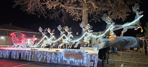 SANTA’S NEW RIDE–Pictured is the sleigh lit up and on display at Santa’s Village.
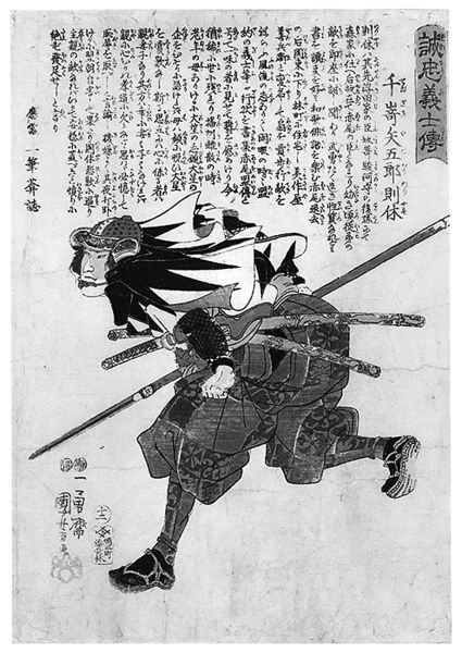 Сэндзаки Ягоро Нориясу, бегущий с копьем в руке. Утагава Куниёси. XIX в.
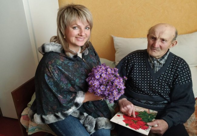 В. о. старости Оксана Кравчук і спеціаліст Служби у справах дітей, сім’ї та соціального захисту населення Марія Пазюк привітали довгожителя.

■ ■ ■ ■

**Work task:** None of the pictures belong in the copy; transcribe the rest of the data exactly.

**Task answer:**
 SANTA’S NEW RIDE–Pictured is the sleigh lit up and on display at Santa’s Village.
 Сэндзаки Ягоро Нориясу, бегущий с копьем в руке. Утагава Куниёси. XIX в.
 В. о. старости Оксана Кравчук і спеціаліст Служби у справах дітей, сім’ї та соціального захисту населення Марія Пазюк привітали довгожителя.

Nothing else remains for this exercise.